**ABOUT THIS TASK:**
Reproduce the listing exactly, with no pictures in your copy.

**DATASET EXCERPT:**
▼

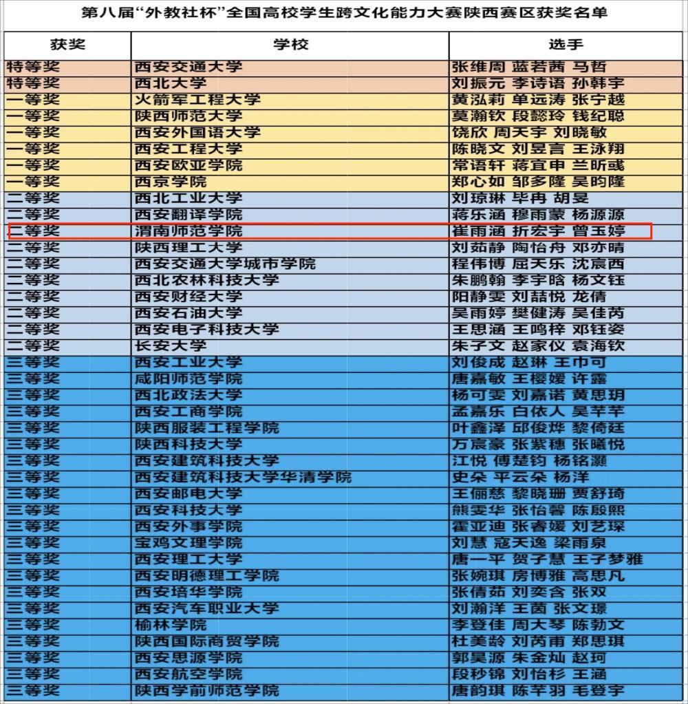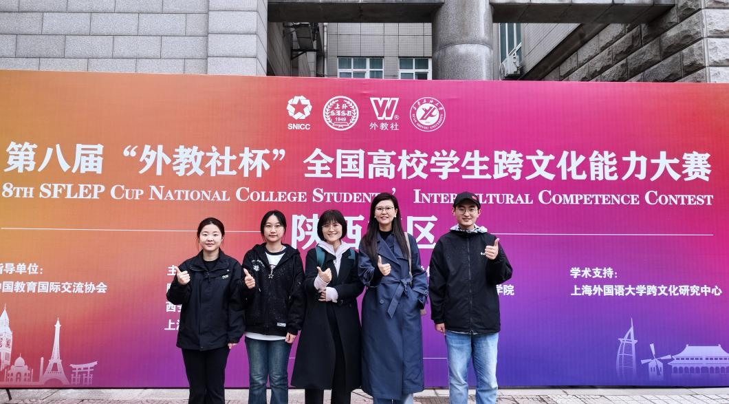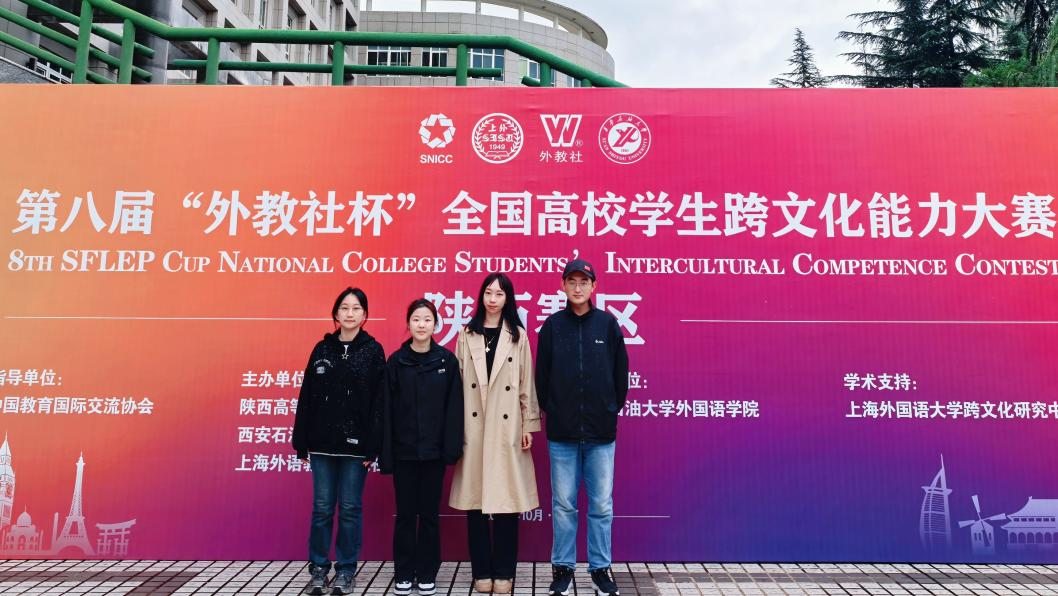10月19日,第八届“外教社杯”全国高校学生跨文化能力大赛陕西赛区比赛在西安石油大学圆满落幕。bat365官网派出由外国语学院郝嘉亮、卢峰、孙莹三位教师共同指导,外国语学院学生崔雨涵与人文学院学生折宏宇、曾玉婷联合组成团队。该团队凭借扎实的跨文化知识、出色的沟通技巧及默契的团队协作在比赛中荣获省级二等奖。
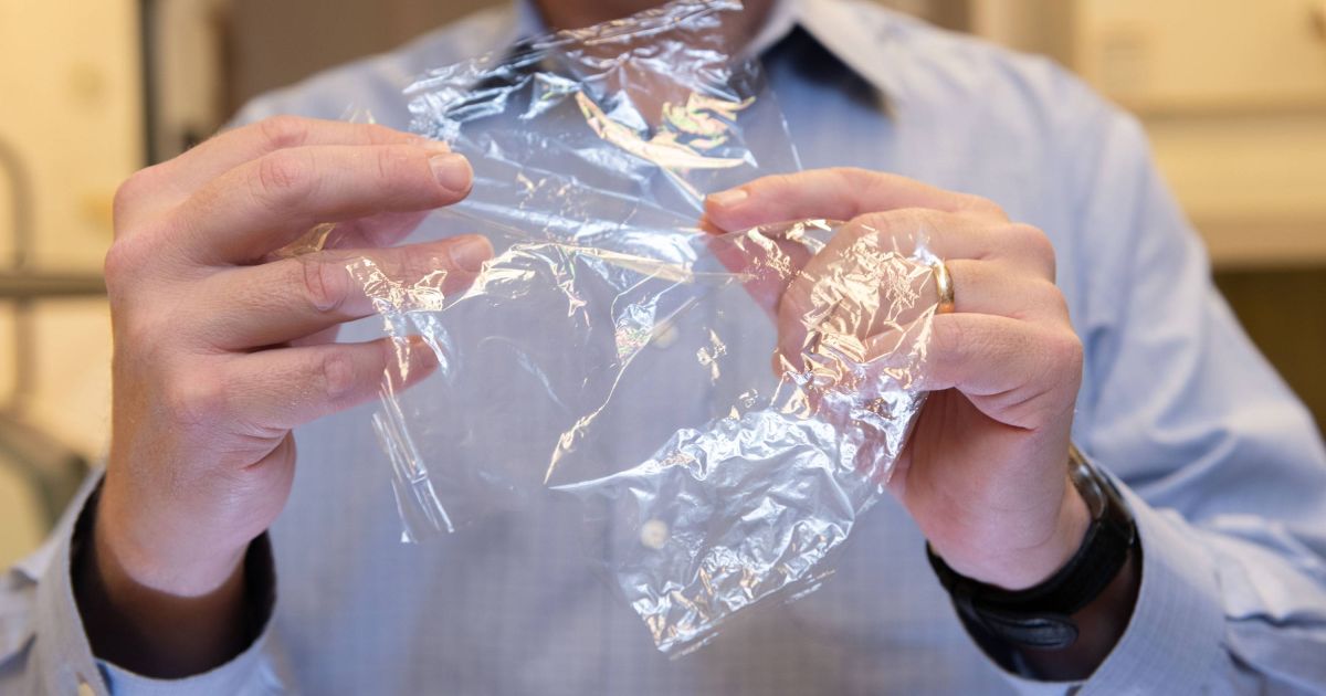 Sieht aus wie Plastik, ist es aber nicht. Die Chitin-Zellulose-Folie. Bild: Allison Carter
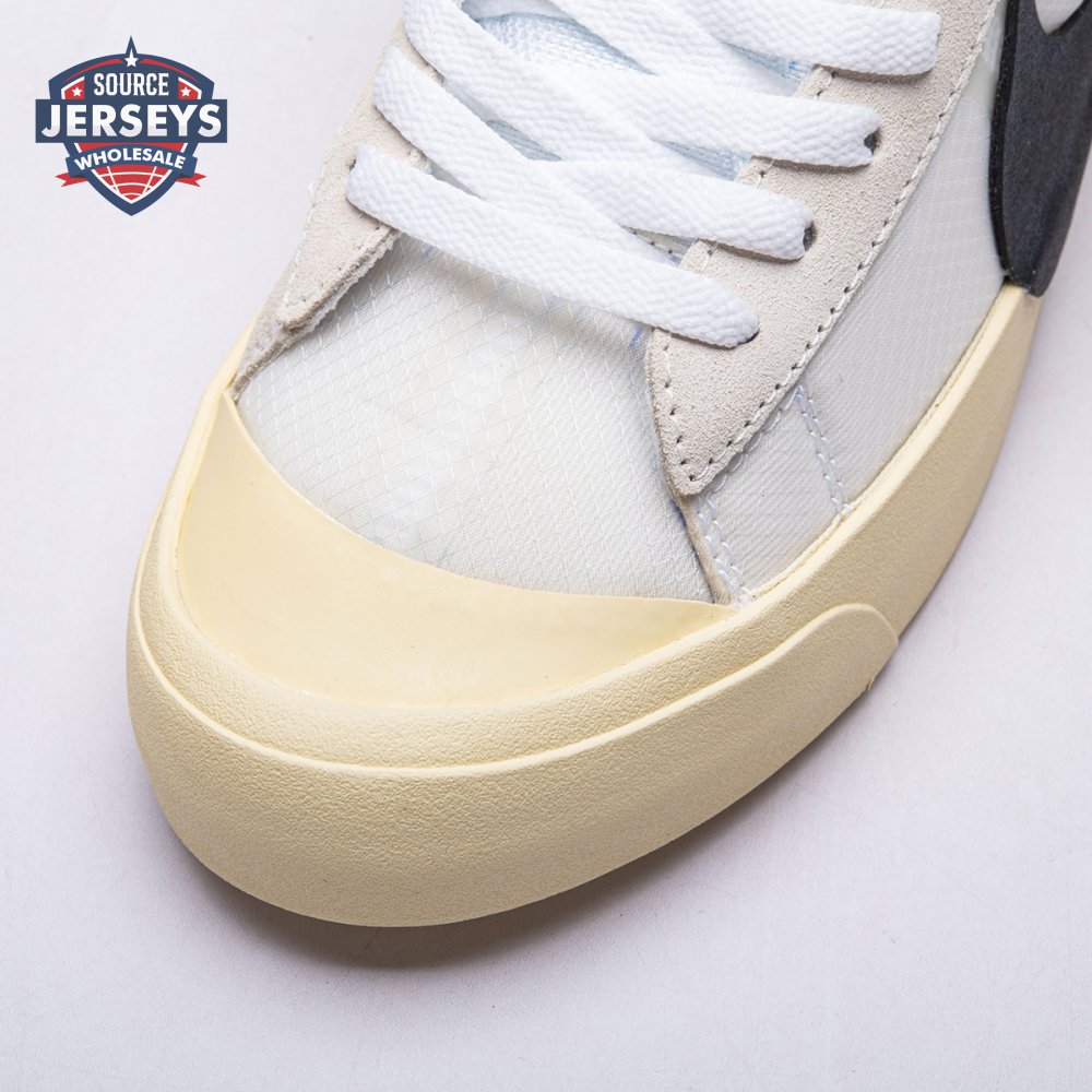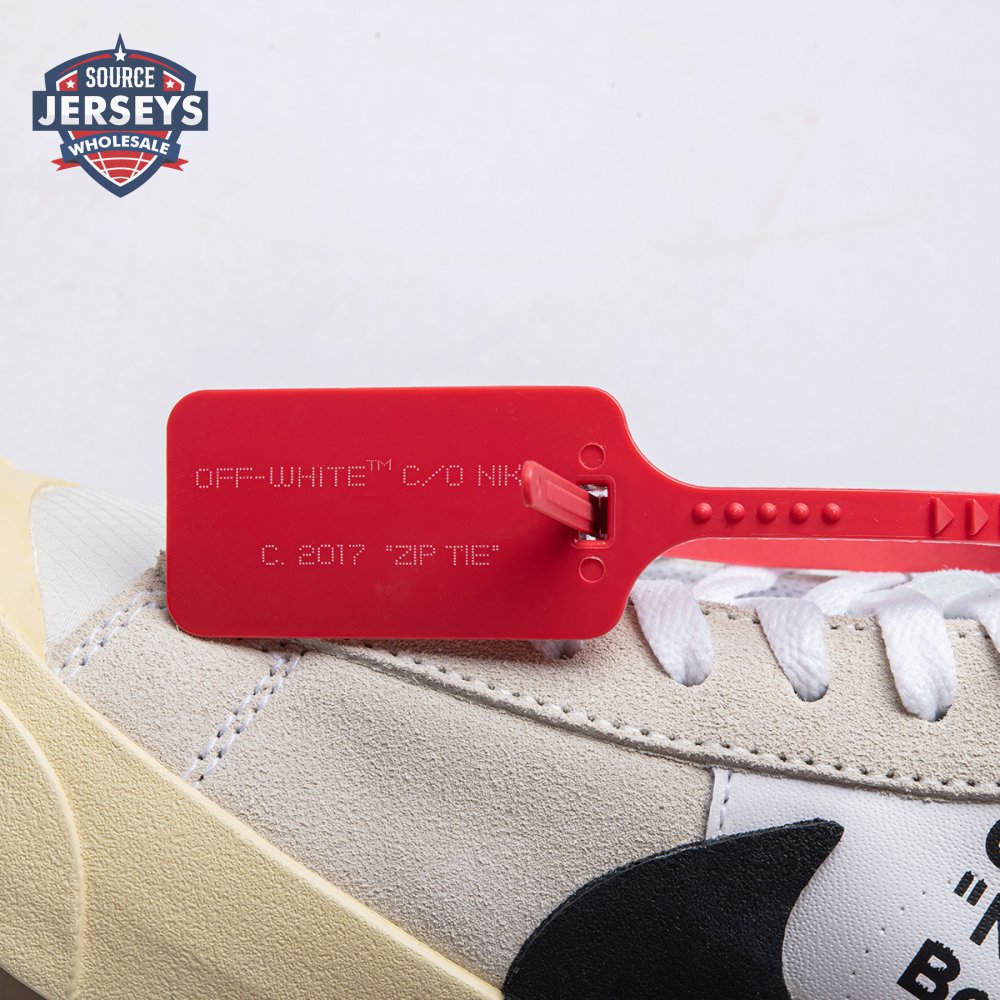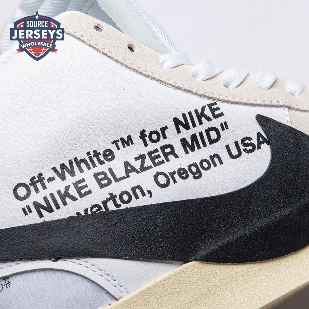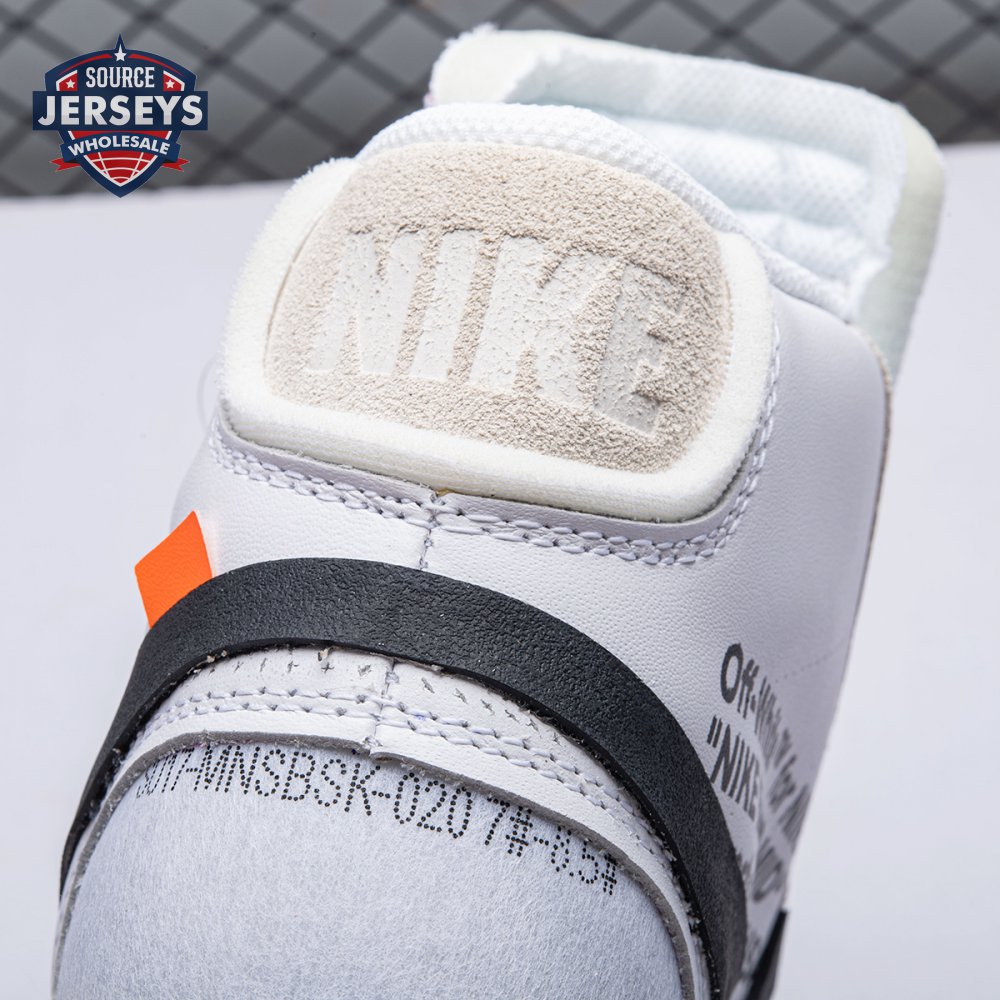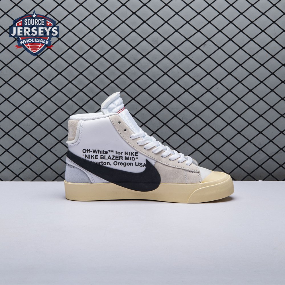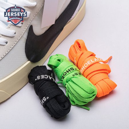 Virgil Abloh's Nike Off-White Blazer Mid features a white leather upper with an oversized black Nike Swoosh that descends into the midsole. The four lace options ?C white, black, neon orange, and neon green ?C come with Abloh's signature self-referential "SHOELACES" branding. Released in September 2017, this sneaker is a member of the initial five-pair REVEALING group of the Off-White x Nike 'The Ten' Collection that included reconstructed designs for the Air Jordan 1, Air Max 90, Nike Air Presto, and Nike Air VaporMax.

▲

**WRITTEN RESPONSE:**
10月19日,第八届“外教社杯”全国高校学生跨文化能力大赛陕西赛区比赛在西安石油大学圆满落幕。bat365官网派出由外国语学院郝嘉亮、卢峰、孙莹三位教师共同指导,外国语学院学生崔雨涵与人文学院学生折宏宇、曾玉婷联合组成团队。该团队凭借扎实的跨文化知识、出色的沟通技巧及默契的团队协作在比赛中荣获省级二等奖。
 Sieht aus wie Plastik, ist es aber nicht. Die Chitin-Zellulose-Folie. Bild: Allison Carter
 Virgil Abloh's Nike Off-White Blazer Mid features a white leather upper with an oversized black Nike Swoosh that descends into the midsole. The four lace options ?C white, black, neon orange, and neon green ?C come with Abloh's signature self-referential "SHOELACES" branding. Released in September 2017, this sneaker is a member of the initial five-pair REVEALING group of the Off-White x Nike 'The Ten' Collection that included reconstructed designs for the Air Jordan 1, Air Max 90, Nike Air Presto, and Nike Air VaporMax.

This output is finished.